■ Given data

--- START ---

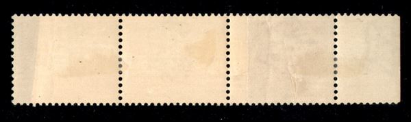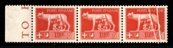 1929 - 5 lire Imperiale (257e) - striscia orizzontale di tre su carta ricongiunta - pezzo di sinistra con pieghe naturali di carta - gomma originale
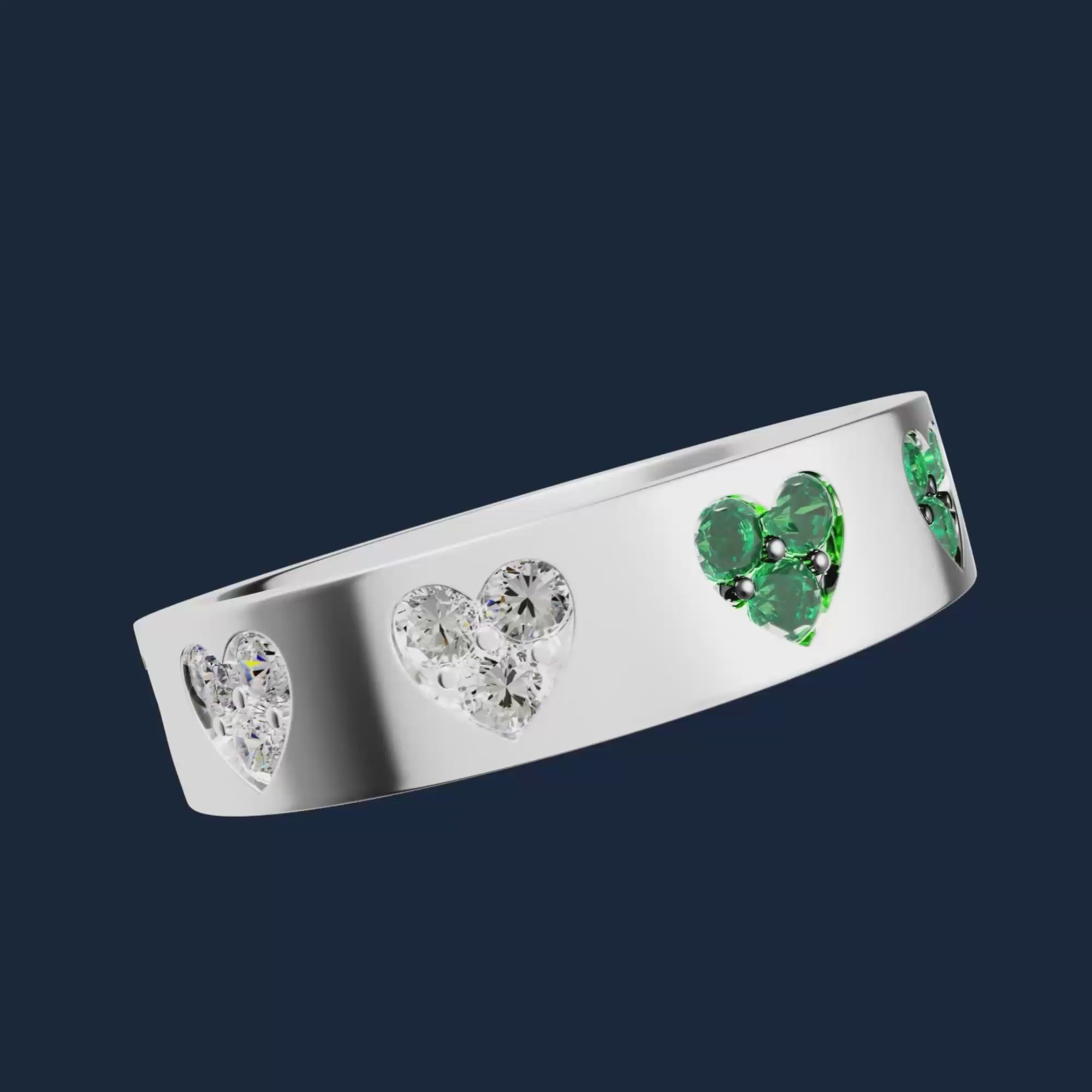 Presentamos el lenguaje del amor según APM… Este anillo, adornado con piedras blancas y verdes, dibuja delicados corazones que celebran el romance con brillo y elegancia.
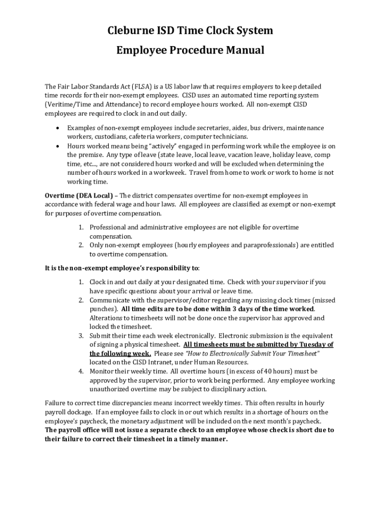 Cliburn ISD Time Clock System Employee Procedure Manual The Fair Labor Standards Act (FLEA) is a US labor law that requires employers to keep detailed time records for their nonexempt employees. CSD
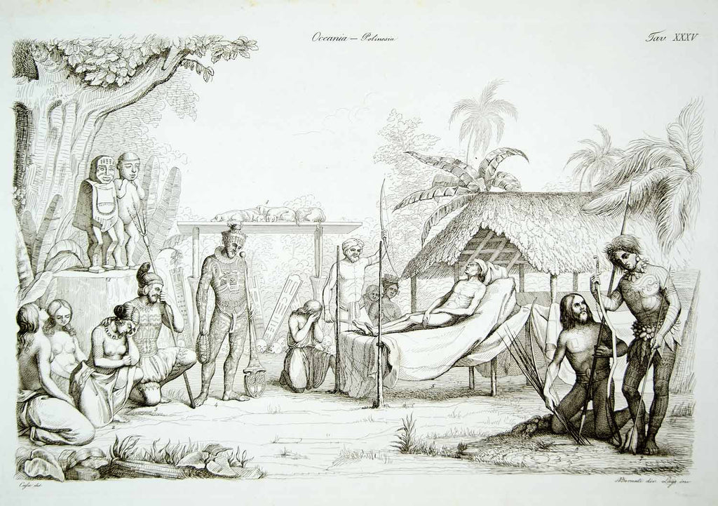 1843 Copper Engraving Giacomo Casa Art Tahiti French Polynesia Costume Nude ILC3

--- END ---

■ Work required
All lines from the one containing "Presentamos el lenguaje" through the end of the data are to be restated exactly, with nothing else and without the pictures.

■ Finished task
 Presentamos el lenguaje del amor según APM… Este anillo, adornado con piedras blancas y verdes, dibuja delicados corazones que celebran el romance con brillo y elegancia.
 Cliburn ISD Time Clock System Employee Procedure Manual The Fair Labor Standards Act (FLEA) is a US labor law that requires employers to keep detailed time records for their nonexempt employees. CSD
 1843 Copper Engraving Giacomo Casa Art Tahiti French Polynesia Costume Nude ILC3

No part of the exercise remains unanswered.